Around us, hundreds of ripWings and a dozen storks sit parked in the bay—large enough a place to swallow all of Lykos’s Common and her townships. Oranges clamor about the craft, preparing maintenance checks before the eventual invasion of Mars.

I greet Mustang with my own coterie—Lorn, Sevro, the Howlers, Victra, and Ragnar. Roque did not respond to my summons. I want to rush forward to embrace Mustang, but she’s in a rage. Spittle flying out of her mouth. Dark circles ringing angry eyes. Exhaustion pulls at her face.

“Pliny has begun a coup. He arrested my brother. My aunt is dead, and her children murdered along with six of our Praetors. More than twenty of my father ’s bannermen have sworn new oaths of fealty.

And we’ve lost control of the fleet.”

I ask Mustang if she’s injured.

“Injured?” She sneers the word. “As if that could matter. They killed my men. We came upon the

Academy in stealth, and as soon as I launched my leechCraft toward the space station and the training ships, a Bellona fleet emerged from behind an asteroid and destroyed every one of my leechCraft.
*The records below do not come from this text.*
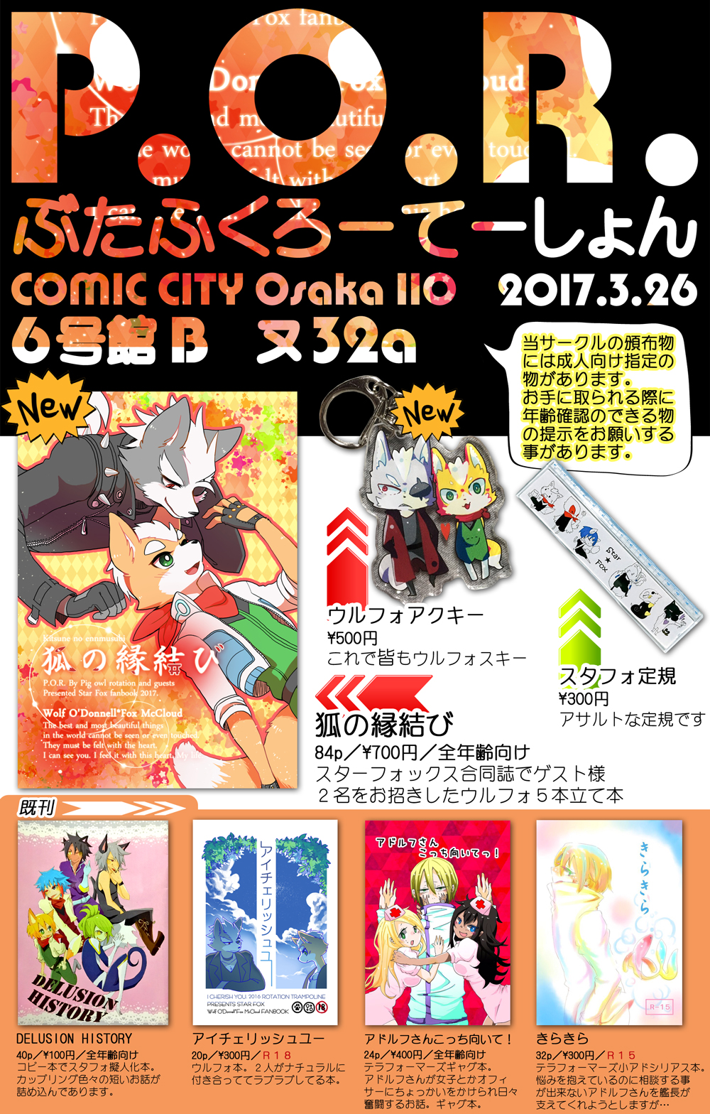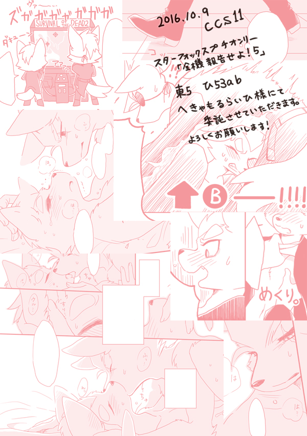 遠方でイベントに行く事が難しい方などにお使いいただけたら幸いです。 今のところ完売となってしまっている本に関しては再販は考えておりません。 ただ、再販ではなく何作品かまとめた再録本とかは出したいと思っていますのでどうぞよろしくお願いいたします。 今後は何か本やグッズを作った場合、イベント後にアリスブックス様に委託をお願いしていこうと思います! 【アイチェリッシュユー】 通販ページ http://alice-books.com/item/show/7256-1 ウルフォ本/R18 【零れ落ちるアルカディア】 通販ページ http://alice-books.com/item/show/7256-2 滝アキ本/R18 よろしくお願いいたします! クリックで大きく表示されます。 何がやばいって、こっちとあっち(ピクシブ)でアップしてる物がどこまで完了してるかがまたわからなくなっ以下略。 こっちでアップしてるのにピクシブではあっぷしてないのとかあったり、ピクシブにはあっぷしてるのにこっちにはアップしてないのとか混在しててすみません…もう何年言ってるかわからなくなったがもうちょっとアップした作品を管理しやすいサイトにお引っ越ししたい… 今は今年の秋に開催されるスタフォプチオンリー「全機報告せよ!5」 URL:http://sf.dojin.com/sfputi/ に、サークル参加したく、ウルフォ合同誌とウルフォ個人誌の原稿をやっとります。たのしー! 上の画像は合同誌のペン入れ前の原稿の一部 合同誌はこのままいけば確定ですが、個人誌は間に合うか微妙ではあはあする(息切れ) 追記7月3日: 上記で言っていたスタフォプチオンリー「全機報告せよ!5」ですが、イベント申し込みが予想外の早期受付終了してしまい参加できなくなりました。なので、別のケモノイベントに参加切りかえいたします。どのイベントに参加するかは確実に決定してからこのサイトに告知記事をのせるつもりです。 | カレンダー
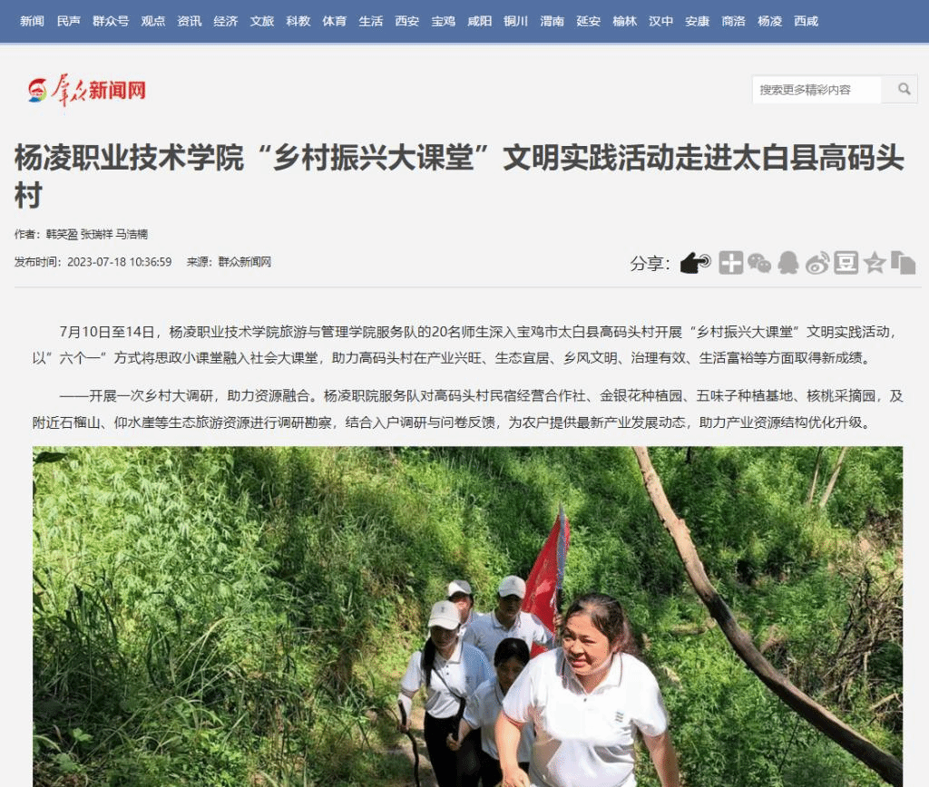 7月10日至14日,350vip浦京集团官网旅游与管理学院服务队的20名师生深入宝鸡市太白县高码头村开展“乡村振兴大课堂”文明实践活动,以”六个一”方式将思政小课堂融入社会大课堂,助力高码头村在产业兴旺、生态宜居、乡风文明、治理有效、生活富裕等方面取得新成绩。
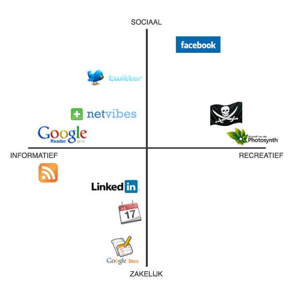Een spelletje op Facebook: sociaal en recreatief. Het delen van RSS-feeds: informatief en sociaal, misschien ook zakelijk. Twitter is misschien nog wel het beste voorbeeld. Het is met name een sociaal netwerk, zo was het ook bedoeld, maar Twitter kan ook zeer informatief zijn. Zie BreakingNews, dat de gevestigde namen vaak verslaat met het laatste nieuws. Anderen halen uit Twitter vooral veel zakelijk voordeel, dat knnen zowel contacten als informatie zijn.
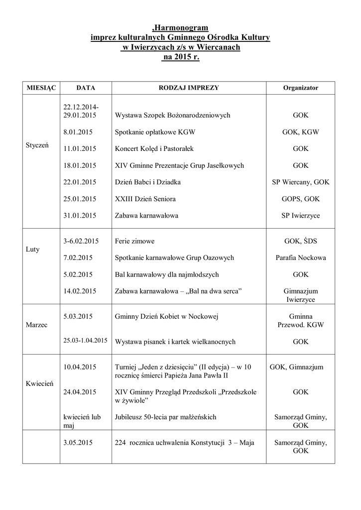 ,Harmonogram imprez kulturalnych Gminnego Ośrodka Kultury w Iwierzycach z/s w Wiercanach na 2015 r. MIESIĄC Styczeń DATA RODZAJ IMPREZY Organizator 22.12.201429.01.2015 Wystawa Szopek Bożonarodzeniowych 8.01.2015 Spotkanie opłatkowe KGW GOK, KGW 11.01.2015 Koncert Kolęd i Pastorałek GOK 18.01.2015 XIV Gminne Prezentacje Grup Jasełkowych GOK 22.01.2015 Dzień Babci i Dziadka 25.01.2015 XXIII Dzień Seniora GOPS, GOK 31.01.2015 Zabawa karnawałowa SP Iwierzyce 3-6.02.2015 Ferie zimowe 7.02.2015 Spotkanie karnawałowe Grup Oazowych 5.02.2015 Bal karnawałowy dla najmłodszych 14.02.2015 Zabawa karnawałowa – „Bal na dwa serca” 5.03.2015 Gminny Dzień Kobiet w Nockowej 25.03-1.04.2015 Wystawa pisanek i kartek wielkanocnych 10.04.2015 Turniej „Jeden z dziesięciu” (II edycja) – w 10 rocznicę śmierci Papieża Jana Pawła II 24.04.2015 XIV Gminny Przegląd Przedszkoli „Przedszkole w żywiole” kwiecień lub maj Jubileusz 50-lecia par małżeńskich Samorząd Gminy, GOK 3.05.2015 224 rocznica uchwalenia Konstytucji 3 – Maja Samorząd Gminy, GOK GOK SP Wiercany, GOK GOK, ŚDS Luty Marzec Parafia Nockowa GOK Gimnazjum Iwierzyce Gminna Przewod. KGW GOK GOK, Gimnazjum Kwiecień GOK 12.05.2015 XV Powiatowy Przegląd Pieśni i Piosenki Religijnej „Chcę Panu Śpiewać” /etap gminny/ 19.05.2015 XV Powiatowy Przegląd Pieśni i Piosenki Religijnej /etap powiatowy/ 24.05.2015 Koncert Laureatów Pieśni i Piosenki Religijnej – Piknik rozpoczęty Nabożeństwem Majowym na estradzie w Wiercanach 26.05.2015 Koncert zespołów działających w GOK dla rodziców z okazji Dnia Matki i Ojca GOK 31.05.2015 Impreza promocyjna pn. „Majówka rodzinna – wiosenny bzik” - Będzienica GOK 28.06.2015 Gminne Zawody sportowo-pożarnicze Olchowa Piknik na „Powitanie Lata” 4-5.07.2015 Rezerwacja sali - 11-12. 07.2015 Rezerwacja Sali - Parafia Bystrzyca, GOK, Klasztor, Starostwo Powiatowe j.w. Maj Czerwiec j.w. Samorząd Gminy, OSP, GOK Lipiec 20-24. 07.2015 Ferie letnie GOK Wiercany 1-2.08.2015 Rezerwacja sali 16.08.2015 ? Gminne Święto Plonów Iwierzyce 22.08.2015 Rezerwacja sali (jeden dzień) 29-30.08.2015 Rezerwacja sali 6.09.2015 Piknik - Konkurs „Smak Tradycji - Kulinarne Dziedzictwo Gminy Iwierzyce” - 7 edycja – Wiercany 28.09.- 28.10. Wystawa twórczości p. Rauch z Iwierzyc GOK 11 lub 25 Koncert Jubileuszowy z okazji 40-lecia GOK oraz 15-lecia Zespołu Pieśni i Tańca „Wiercany” GOK 17-18.10.2015 Rezerwacja sali 6.11.2015 Literatura i dzieci – wojewódzki konkurs recytatorski /etap gminny/ WDK, GOK 11.11.2015 97 rocznica Odzyskania Niepodległości Samorząd Gminy, GOK Sierpień Wrzesień Październik Samorząd Gminy, GOK GOK - Listopad 21.11.2015 Rezerwacja sali – Bal andrzejkowy 14 lub 28 Bal Sportowca na zakończenie sezonu sportowego 26.11.2015 Zabawa andrzejkowa dla dzieci GOK 6.12.2015 Mikołajki dla dzieci GOK 31.12.2015 Rezerwacja sali – Bal sylwestrowy SP Wiercany Samorząd Gminy, GOK Grudzień Gimnazjum Iwierzyce Z uwagi na różne nieprzewidziane okoliczności, terminy poszczególnych imprez mogą ulec zmianom.
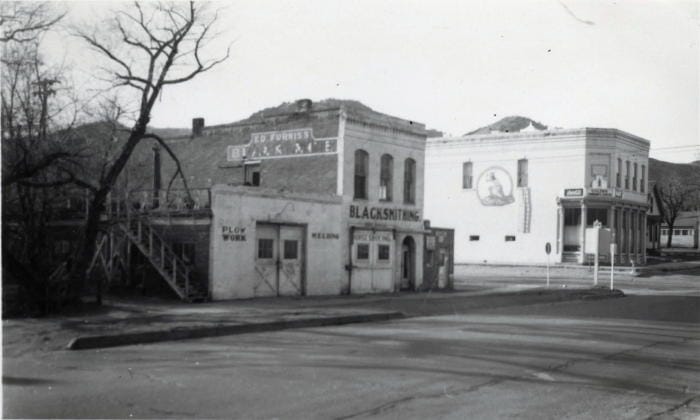 That corner had seen many businesses over the years. The historic Sanborn Insurance Maps show that the site had been occupied by a Flour & Feed Store (1886), “Oil Etc.” (1890), a Meat Market (1895), Grocery Store (1906 and 1911), the blacksmith shop (on the 1919 map), and finally the Frontier service station.
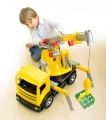 Plně funkční autojeřáb ti nesmí v pokojíčku chybět! Auto o velikosti 70 cm má plně roztažitelné rameno, které po roztažení dosahuje velikosti až 115 cm. Senzace! Součástí jsou 4 boční stabilizační nohy, které po vysunutí zajišťují, aby se jeřáb nepřevážil. Součástí jsou také klíny, pomocí kterých lze zajistit kola proti pohybu dopředu nebo dozadu. Samotné rameno jeřábu lze otáčet o 270°. Vysouvání ramene a jeho zvedání je ovládáno za pomoci koleček. Samotný jeřábový hák je obsluhován navijákem a lankem. Jeřáb je vyroben z kvalitního PVC. Tento praktický kousek lze využít také jako odráželo. Statická nosnost jeřábu je 100 kg, dynamická 50 kg. Vyrobeno v ČR. Paráda!

Ten thousand men. Dead. They didn’t have to do it. They had enough guns on us that we could do nothing but surrender. It was merciless.”

“Sounds like Karnus,” I guess.

She nods. “And Pliny. They didn’t lead the Bellona on a goose chase. They led them straight into my operation.”

“Why didn’t Pliny just kill you?” Sevro asks.

“A man like Pliny craves legitimacy,” Lorn says from my side, nodding in greeting to Mustang. If she thinks his presence here strange, she doesn’t let on. “It’s his nature. He came to you beforehand, didn’t he?”

Mustang shares a disgusted look with my mentor.

“The Pixie had me put under guard in my quarters as he took my captured fleet to Hildas. During

the journey, he came to me and showed me the holo footage of my father ’s failed raid on Ganymede.”

She shudders in anger. “And he said that though my house had fallen to ruin, he would not see my bloodline ended. The Sovereign and he had come to an arrangement. If he could provide her with peace, then she would provide him with position, legitimacy, and a prize of his choosing. So he batted his pretty lashes at me as my father ’s ships burned on the holo and said he would divorce his wife and allow me the honor of taking his hand in marriage.”

I say nothing. The Howlers rumble discontentedly.

“And your response?” Victra asks.

Mustang ignores her. “He said he always had his eye on me.” She reaches into her pocket, pulls something out, and drops it onto the floor. “So I took one of his.”

Sevro cackles with Harpy. Lorn makes a sound of disapproval. Like he has any ground to stand on

in matters of cruelty.

“It is good to see you again, Rage Knight,” Mustang says. “I’m sorry you were drawn into this. But we need you now more than ever.”